Dit betekent dat de bestuursrechter aan de hand van de aangevoerde beroepsgronden toetst of het bestuursorgaan zich terecht, zorgvuldig voorbereid en deugdelijk gemotiveerd op het standpunt heeft gesteld dat er geen nieuw gebleken feiten of veranderde omstandigheden zijn.
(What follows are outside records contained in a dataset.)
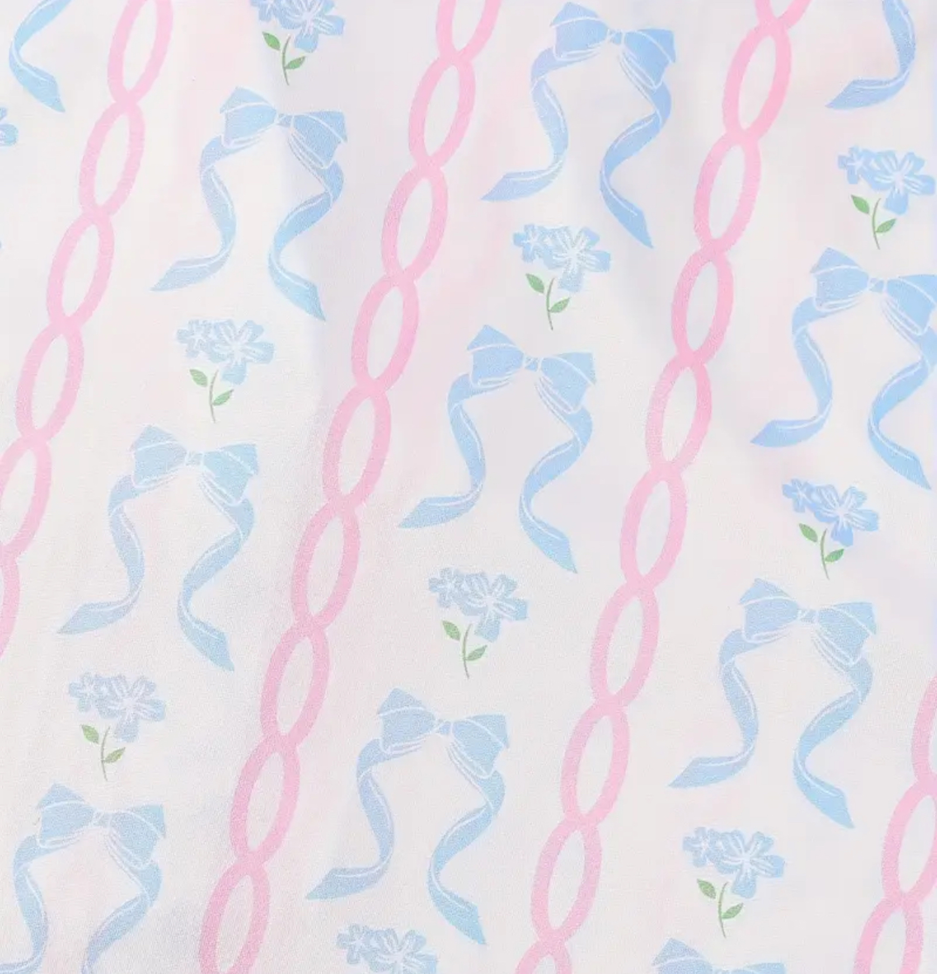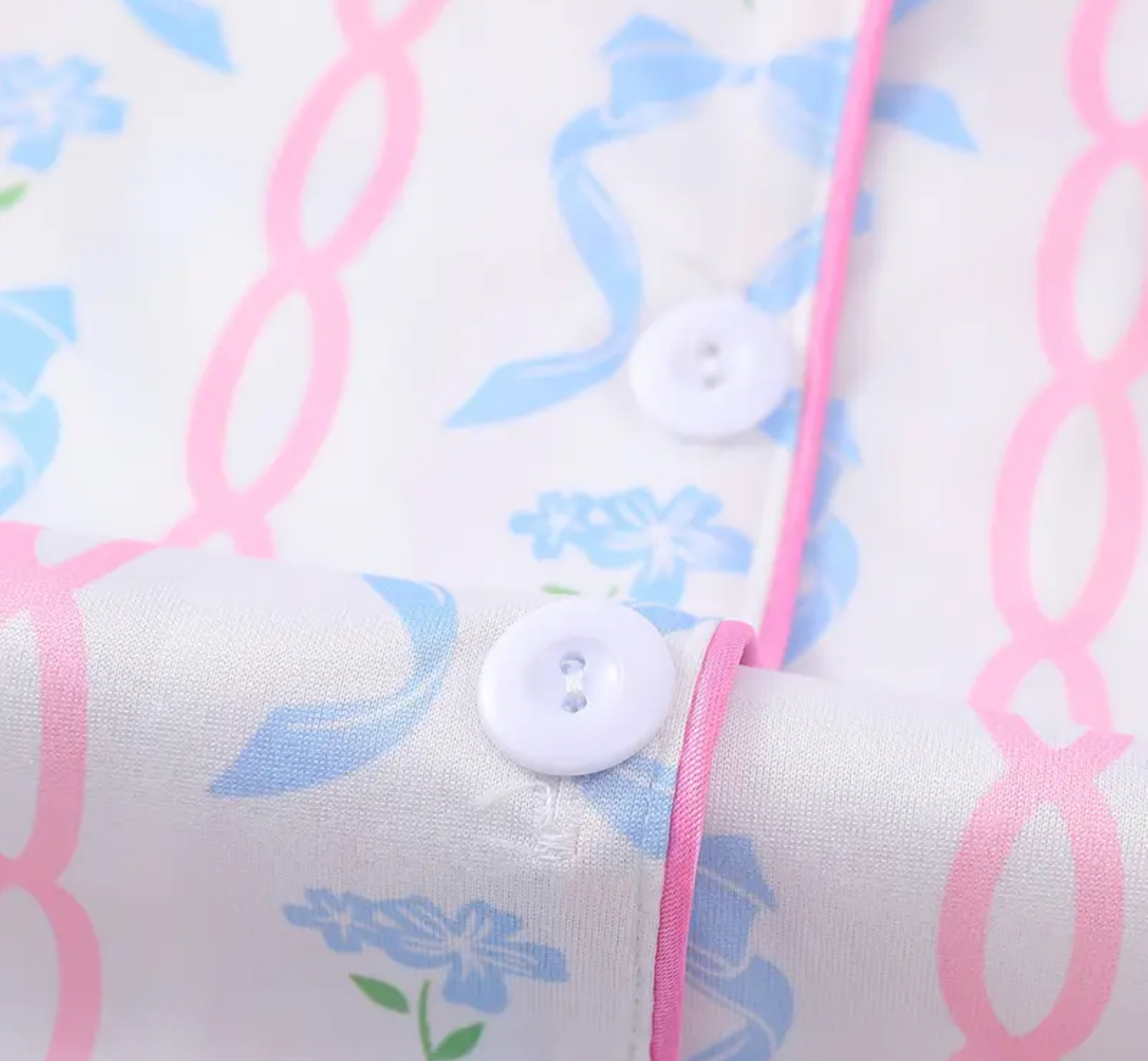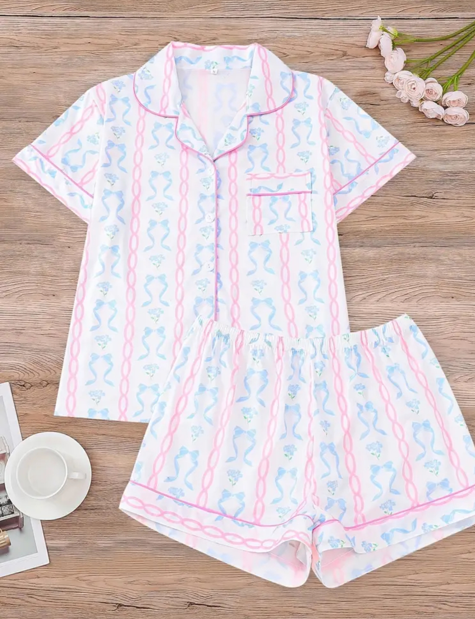 Such a cute comfortable pajama set with whimsical pink trellises and blue bows. Button front top with elastic waist bottoms. 95% Polyester 5% Elastane. Machine washable .
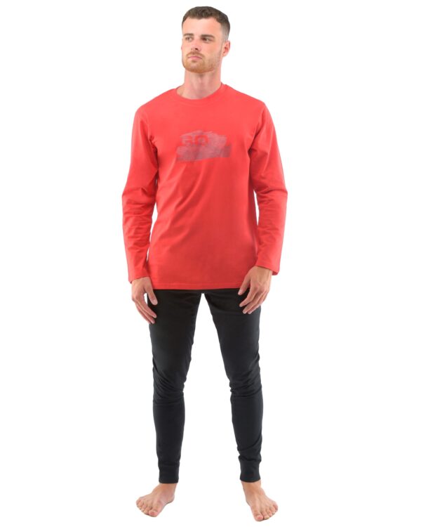 Tričko s dlhým rukávom je ozdobené modernou potlačou na hrudi, ktorá decentne vyniká, zatiaľ čo dlhé jednofarebné nohavice sú zakončené elegantnými manžetami. Všetko je vyrobené zo 100 % bavlneného úpletu, ktorý je výnimočne hebký, mäkký a šetrný k pokožke. Priedušnosť a schopnosť odvádzať vlhkosť zaručujú pohodlie po celú noc, čo oceníte najmä po náročnom dni. Pyžamo je ideálne pre náročných mužov, ktorí od domáceho oblečenia očakávajú viac než len funkčnosť – v tomto modeli budete vyzerať dokonale aj počas spánku. Zažijete pocit, akoby ste boli v objatí mäkkej bavlnky.
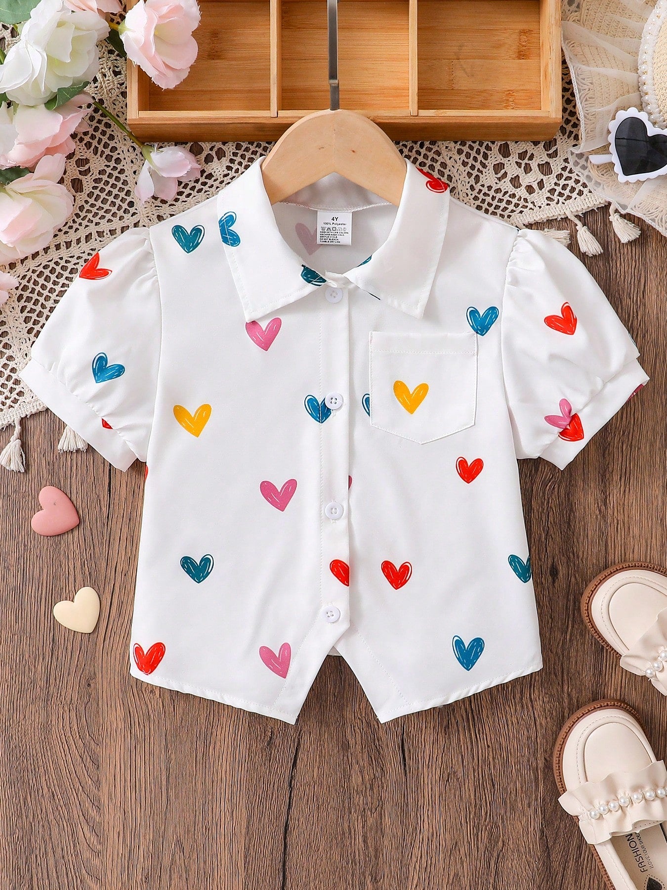 Young Girl Casual Outdoor/Daily Commute Elementary School Sweet Cute Polo Collar Shirt, Heart Print Short

Als het bestreden besluit die toets doorstaat, kan de bestuursrechter niettemin aan de hand van wat de rechtszoekende heeft aangevoerd tot het oordeel komen dat het bestreden besluit evident onredelijk is (zie bijvoorbeeld de uitspraak van de Raad van 27 december 2016, ECLI:NL:CRVB:2016:5115).
4.3.
Onder nieuw gebleken feiten en veranderde omstandigheden worden verstaan feiten of omstandigheden die ná het eerdere besluit zijn voorgevallen, dan wel feiten of omstandigheden die weliswaar vóór het eerdere besluit zijn voorgevallen, maar die niet vóór dat besluit konden worden aangevoerd. Nieuw gebleken feiten zijn ook bewijsstukken van al eerder gestelde feiten of omstandigheden, als deze bewijsstukken niet eerder konden worden overgelegd.
4.4.
Wat appellante in hoger beroep heeft aangevoerd, is in essentie een herhaling van de gronden die zij in beroep naar voren heeft gebracht. De rechtbank heeft terecht geoordeeld dat niet is gebleken van nieuwe feiten of veranderde omstandigheden, nu appellante (tot dan toe) geen enkel medisch stuk heeft overgelegd. Het Uwv wordt gevolgd in zijn stelling dat met de in hoger beroep overgelegde medische stukken geen rekening kan worden gehouden. Volgens vaste rechtspraak van deze Raad kunnen in een geval als dit de in (hoger) beroep ingebrachte stukken niet bij de beoordeling in (hoger) beroep worden betrokken. Deze stukken waren immers voorafgaand aan het besluit op bezwaar niet bekend bij het Uwv [1] .
4.5.
Uit wat in 4.4 is overwogen volgt dat niet is gebleken van nieuw gebleken feiten of veranderde omstandigheden die aanleiding zouden moeten geven om terug te komen op de hersteldverklaring per 8 april 2013. Het Uwv heeft het herzieningsverzoek dan ook mogen afwijzen met toepassing van artikel 4:6, tweede lid, van de Awb. In wat appellante in hoger beroep heeft aangevoerd, wordt evenmin aanleiding gezien voor het oordeel dat het bestreden besluit evident onredelijk is.
4.6.
Uit 4.4 en 4.5 volgt dat het verzoek om een deskundige te benoemen wordt afgewezen.
4.7.
Uit 4.4 en 4.5 volgt ook dat het hoger beroep niet slaagt, zodat de aangevallen uitspraak moet worden bevestigd.
5. Voor een veroordeling in de proceskosten bestaat geen aanleiding.

BESLISSING

De Centrale Raad van Beroep bevestigt de aangevallen uitspraak.
Deze uitspraak is gedaan door F.M. Rijnbeek, in tegenwoordigheid van D. Schaap als griffier. De beslissing is uitgesproken in het openbaar op 9 augustus 2023.
(getekend) F.M. Rijnbeek
(getekend) D. Schaap

Voetnoten

1.Zie bijvoorbeeld de uitspraak van 14 januari 2015, ECLI:NL:CRVB:2015:1.